Sunday, 1 August 2010

The last drop

I may have mentioned R's bulk-buying habits once or twice.
There were few things he loved more than a bargain. Indeed I am still working my way through the pile of vacuum cleaner bags he bought over three years ago, and this is not by any means for want of vacuuming. By my reckoning it will probably be another year before I have to buy any more.

He took the same approach to his grooming products. He wasn't a man for aftershave or cologne, not even when he scrubbed up and put on a suit, but when he finally settled on a shower gel that suited him, he naturally ordered several bottles, rather than just one like a normal person!

For many, many months after he died, I mostly wore his jeans, T-shirts and sweaters. And used this shower gel daily. It gave me comfort to feel totally enveloped in things that felt, looked and smelled like him. The scent of the shower gel on my skin made him feel close by, perhaps just in the next room. Always out of sight, but within range of at least one of my senses.

I still do wear his Calvin Kleins, but now it is because I like them, rather than needing to do it. I carried on using the shower gel, but no longer every day - just when I felt a little down. But even R's stockpile had to run out eventually, and I think there is only enough left for one more use.

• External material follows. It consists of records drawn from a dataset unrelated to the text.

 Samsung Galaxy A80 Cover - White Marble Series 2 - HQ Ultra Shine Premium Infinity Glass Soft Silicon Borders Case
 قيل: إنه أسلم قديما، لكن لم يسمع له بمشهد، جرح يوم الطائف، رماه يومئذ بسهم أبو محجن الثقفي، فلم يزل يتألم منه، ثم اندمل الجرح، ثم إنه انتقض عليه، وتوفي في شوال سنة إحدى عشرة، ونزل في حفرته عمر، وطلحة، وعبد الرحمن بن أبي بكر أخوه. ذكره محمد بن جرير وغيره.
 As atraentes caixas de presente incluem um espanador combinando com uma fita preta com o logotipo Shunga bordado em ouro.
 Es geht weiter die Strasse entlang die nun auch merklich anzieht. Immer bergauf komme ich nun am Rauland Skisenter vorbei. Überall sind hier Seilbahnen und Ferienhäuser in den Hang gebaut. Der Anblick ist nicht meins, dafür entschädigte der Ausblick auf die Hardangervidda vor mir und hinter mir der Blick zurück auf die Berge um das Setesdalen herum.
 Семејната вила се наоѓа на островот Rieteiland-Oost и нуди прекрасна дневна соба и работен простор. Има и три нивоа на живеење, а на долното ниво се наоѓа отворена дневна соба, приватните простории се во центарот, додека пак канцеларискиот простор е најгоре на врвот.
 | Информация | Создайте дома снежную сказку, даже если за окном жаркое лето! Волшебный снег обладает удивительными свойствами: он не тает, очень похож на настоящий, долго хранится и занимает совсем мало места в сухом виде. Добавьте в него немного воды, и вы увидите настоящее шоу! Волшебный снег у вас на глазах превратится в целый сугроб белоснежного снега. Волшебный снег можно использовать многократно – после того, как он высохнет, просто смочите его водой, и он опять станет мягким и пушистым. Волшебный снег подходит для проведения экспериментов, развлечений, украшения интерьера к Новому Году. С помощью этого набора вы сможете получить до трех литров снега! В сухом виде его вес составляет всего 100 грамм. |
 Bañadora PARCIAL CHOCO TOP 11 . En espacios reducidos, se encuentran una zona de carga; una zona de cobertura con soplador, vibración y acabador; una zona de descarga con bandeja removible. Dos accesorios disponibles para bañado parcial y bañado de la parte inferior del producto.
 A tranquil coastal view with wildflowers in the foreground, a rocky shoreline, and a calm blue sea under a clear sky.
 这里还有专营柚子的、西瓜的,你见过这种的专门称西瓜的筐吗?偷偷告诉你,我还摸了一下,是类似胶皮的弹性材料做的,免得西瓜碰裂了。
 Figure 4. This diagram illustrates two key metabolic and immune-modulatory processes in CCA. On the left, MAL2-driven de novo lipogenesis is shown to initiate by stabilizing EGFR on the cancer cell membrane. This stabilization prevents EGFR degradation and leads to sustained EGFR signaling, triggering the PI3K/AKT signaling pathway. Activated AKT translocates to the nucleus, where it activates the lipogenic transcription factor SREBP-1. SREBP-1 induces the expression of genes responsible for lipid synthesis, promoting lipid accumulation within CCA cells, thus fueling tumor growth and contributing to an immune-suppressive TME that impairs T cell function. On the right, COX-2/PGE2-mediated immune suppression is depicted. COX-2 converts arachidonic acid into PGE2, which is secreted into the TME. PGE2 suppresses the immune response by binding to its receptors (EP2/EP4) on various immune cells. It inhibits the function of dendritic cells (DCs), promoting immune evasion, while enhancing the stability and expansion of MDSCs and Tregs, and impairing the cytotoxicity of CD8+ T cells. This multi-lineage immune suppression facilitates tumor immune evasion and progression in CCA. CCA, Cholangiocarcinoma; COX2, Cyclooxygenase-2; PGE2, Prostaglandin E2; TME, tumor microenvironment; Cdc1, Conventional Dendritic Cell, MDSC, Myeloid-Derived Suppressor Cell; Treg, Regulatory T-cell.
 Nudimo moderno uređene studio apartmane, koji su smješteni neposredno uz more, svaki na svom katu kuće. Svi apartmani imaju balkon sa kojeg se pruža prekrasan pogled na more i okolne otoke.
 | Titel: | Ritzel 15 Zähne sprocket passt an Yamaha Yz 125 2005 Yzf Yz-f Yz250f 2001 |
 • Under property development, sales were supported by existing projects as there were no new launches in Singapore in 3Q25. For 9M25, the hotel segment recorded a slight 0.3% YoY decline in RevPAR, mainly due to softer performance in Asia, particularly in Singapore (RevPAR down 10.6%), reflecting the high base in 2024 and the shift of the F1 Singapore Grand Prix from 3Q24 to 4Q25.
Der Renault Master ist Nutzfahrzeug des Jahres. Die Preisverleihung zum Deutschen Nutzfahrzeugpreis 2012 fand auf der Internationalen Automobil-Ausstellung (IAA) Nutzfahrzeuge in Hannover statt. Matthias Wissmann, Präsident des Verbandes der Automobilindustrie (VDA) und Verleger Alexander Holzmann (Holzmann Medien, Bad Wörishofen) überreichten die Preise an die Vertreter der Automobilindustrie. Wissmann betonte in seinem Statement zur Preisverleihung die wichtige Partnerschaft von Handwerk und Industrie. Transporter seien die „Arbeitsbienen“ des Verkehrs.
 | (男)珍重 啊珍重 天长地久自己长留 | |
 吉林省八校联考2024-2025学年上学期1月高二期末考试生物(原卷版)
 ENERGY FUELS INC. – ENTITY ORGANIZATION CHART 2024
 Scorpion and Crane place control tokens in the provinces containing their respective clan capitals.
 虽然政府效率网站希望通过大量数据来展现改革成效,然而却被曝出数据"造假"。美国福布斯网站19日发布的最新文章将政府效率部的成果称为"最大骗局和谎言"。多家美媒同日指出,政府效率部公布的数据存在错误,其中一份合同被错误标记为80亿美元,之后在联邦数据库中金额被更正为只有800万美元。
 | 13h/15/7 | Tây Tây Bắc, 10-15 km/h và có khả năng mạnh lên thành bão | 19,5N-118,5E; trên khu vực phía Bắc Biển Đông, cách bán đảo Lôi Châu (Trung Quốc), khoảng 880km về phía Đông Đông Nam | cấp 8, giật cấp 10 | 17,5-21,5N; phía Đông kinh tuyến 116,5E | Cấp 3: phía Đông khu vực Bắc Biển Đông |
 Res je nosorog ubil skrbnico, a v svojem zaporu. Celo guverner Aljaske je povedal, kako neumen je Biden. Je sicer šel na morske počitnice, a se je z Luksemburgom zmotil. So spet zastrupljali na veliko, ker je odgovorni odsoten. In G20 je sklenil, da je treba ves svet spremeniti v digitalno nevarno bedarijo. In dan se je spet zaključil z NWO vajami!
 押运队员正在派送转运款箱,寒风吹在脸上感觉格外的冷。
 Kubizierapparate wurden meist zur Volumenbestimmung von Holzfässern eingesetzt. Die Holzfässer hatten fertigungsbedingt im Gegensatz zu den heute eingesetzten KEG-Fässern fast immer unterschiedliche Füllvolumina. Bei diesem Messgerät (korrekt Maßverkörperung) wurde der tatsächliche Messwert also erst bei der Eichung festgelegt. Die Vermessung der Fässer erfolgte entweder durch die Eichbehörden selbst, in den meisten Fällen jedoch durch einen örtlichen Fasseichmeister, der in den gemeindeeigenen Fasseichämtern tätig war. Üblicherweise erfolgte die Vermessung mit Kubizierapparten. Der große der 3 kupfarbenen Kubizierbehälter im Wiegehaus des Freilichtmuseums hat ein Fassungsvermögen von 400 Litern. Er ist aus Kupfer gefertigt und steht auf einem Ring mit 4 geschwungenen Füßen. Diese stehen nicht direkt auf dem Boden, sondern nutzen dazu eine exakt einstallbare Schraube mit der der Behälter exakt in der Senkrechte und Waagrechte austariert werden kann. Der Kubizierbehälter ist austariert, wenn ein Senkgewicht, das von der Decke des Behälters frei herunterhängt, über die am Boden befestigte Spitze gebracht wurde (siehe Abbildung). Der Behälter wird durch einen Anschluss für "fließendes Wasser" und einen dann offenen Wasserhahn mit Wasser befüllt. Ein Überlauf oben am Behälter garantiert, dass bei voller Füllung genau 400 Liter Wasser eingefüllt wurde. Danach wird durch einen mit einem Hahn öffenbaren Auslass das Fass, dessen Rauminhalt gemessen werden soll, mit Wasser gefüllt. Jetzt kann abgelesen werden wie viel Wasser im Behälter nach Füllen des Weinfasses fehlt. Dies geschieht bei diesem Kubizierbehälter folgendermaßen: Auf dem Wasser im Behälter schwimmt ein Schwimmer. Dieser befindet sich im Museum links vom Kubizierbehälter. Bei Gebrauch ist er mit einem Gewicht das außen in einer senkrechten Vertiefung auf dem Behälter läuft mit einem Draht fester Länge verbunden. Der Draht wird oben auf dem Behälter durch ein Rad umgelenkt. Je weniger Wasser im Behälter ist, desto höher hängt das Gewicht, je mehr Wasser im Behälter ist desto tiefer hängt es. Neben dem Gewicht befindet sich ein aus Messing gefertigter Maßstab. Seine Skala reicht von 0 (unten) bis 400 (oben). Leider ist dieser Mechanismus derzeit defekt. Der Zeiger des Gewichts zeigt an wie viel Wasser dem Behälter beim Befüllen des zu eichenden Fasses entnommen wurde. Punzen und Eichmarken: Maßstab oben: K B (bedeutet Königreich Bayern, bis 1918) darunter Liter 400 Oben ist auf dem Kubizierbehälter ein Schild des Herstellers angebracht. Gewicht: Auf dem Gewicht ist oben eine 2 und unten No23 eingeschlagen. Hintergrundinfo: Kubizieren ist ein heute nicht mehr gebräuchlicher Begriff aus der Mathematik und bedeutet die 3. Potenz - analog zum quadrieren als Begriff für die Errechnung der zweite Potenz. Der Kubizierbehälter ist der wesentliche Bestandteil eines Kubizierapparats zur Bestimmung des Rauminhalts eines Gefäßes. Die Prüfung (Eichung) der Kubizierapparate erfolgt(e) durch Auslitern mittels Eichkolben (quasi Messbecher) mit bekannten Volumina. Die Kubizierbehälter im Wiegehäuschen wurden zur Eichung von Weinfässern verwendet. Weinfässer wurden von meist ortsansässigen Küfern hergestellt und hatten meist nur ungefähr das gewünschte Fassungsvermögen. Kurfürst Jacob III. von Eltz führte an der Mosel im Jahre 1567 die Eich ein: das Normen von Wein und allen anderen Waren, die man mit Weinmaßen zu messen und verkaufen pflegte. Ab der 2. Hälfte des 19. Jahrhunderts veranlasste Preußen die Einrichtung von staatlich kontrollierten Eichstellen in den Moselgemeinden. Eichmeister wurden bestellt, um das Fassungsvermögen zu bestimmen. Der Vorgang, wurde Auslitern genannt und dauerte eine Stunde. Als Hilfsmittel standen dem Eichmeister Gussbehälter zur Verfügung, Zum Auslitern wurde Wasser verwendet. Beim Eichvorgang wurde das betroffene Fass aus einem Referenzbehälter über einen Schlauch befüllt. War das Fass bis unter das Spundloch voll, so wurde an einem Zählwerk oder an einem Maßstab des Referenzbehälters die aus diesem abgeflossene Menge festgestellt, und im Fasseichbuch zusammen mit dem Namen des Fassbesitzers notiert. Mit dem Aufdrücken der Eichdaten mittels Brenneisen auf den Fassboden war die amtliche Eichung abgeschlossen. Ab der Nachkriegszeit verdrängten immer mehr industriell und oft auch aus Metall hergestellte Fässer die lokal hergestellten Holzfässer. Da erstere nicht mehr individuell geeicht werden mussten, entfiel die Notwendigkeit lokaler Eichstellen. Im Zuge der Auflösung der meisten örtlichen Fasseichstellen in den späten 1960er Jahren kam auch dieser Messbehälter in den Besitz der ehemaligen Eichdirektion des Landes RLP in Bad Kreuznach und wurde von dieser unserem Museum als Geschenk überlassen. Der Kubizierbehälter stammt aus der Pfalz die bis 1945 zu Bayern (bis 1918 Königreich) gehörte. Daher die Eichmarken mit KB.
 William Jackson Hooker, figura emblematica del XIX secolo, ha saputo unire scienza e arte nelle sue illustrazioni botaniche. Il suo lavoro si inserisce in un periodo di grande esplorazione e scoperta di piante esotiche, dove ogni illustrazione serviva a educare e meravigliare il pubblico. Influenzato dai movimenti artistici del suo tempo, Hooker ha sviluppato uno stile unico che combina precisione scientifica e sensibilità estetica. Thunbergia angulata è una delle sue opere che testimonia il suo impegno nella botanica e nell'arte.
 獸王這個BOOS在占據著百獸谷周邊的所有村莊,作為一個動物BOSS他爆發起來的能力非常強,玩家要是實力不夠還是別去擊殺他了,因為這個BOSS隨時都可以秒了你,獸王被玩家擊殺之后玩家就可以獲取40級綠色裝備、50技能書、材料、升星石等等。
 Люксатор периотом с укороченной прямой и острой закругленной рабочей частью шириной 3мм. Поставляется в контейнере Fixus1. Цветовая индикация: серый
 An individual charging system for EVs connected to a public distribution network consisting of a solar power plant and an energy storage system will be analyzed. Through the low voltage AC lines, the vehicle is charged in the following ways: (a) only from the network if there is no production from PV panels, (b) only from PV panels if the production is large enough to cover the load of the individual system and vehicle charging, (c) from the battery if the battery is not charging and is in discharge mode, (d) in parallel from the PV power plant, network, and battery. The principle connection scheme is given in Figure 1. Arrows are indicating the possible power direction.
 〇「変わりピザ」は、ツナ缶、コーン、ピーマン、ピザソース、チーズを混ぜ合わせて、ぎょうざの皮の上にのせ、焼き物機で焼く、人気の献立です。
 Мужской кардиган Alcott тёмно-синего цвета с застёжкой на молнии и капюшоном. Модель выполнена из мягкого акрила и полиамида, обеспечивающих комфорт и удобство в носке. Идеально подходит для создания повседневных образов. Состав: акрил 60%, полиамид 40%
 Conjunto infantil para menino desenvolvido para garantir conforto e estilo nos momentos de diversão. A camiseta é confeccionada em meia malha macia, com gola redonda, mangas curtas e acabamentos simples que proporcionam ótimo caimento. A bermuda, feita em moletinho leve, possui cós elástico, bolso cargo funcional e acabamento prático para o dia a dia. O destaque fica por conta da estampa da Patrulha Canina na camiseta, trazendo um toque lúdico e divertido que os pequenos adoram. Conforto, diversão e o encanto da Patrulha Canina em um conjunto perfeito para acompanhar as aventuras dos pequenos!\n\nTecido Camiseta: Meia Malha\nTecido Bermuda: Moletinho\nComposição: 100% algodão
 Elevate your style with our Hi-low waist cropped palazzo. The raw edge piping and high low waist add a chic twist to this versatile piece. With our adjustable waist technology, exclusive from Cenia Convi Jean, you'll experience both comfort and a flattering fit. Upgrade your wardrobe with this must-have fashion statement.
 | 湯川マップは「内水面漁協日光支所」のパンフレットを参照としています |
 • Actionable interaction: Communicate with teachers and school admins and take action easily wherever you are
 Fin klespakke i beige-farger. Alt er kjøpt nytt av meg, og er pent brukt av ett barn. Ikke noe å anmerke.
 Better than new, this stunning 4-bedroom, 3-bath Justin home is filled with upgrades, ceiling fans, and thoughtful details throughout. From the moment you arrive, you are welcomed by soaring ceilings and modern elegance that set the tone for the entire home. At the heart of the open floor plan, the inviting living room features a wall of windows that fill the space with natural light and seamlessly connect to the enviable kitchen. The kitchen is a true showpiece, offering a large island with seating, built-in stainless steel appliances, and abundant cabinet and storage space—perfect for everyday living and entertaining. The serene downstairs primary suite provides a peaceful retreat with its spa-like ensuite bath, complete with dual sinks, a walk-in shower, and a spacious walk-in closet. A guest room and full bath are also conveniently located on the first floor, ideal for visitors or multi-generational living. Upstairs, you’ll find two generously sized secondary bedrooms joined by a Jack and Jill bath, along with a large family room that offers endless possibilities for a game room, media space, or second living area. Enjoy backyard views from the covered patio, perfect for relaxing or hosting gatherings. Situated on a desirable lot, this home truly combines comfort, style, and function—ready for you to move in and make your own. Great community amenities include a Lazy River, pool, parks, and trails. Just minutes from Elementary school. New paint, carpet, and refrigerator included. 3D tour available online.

When it has gone, I don't think I shall buy any more.

Next week is the second anniversary of his death.
When I look back at the way I was this time last year, I can see how far I have come on this journey. I can still feel the madness building up in me as it always does at significant dates, but the intensity of feeling that so overwhelmed me last year is less ferocious this time around.

So it somehow seems right to let go of this crutch this week. It makes me feel like a small child preparing to ride her bicycle for the first time without stabilisers. I have come this far using it as an aid. Now it is time to let go and ride freely on my own. Even if I fall off a few times at first.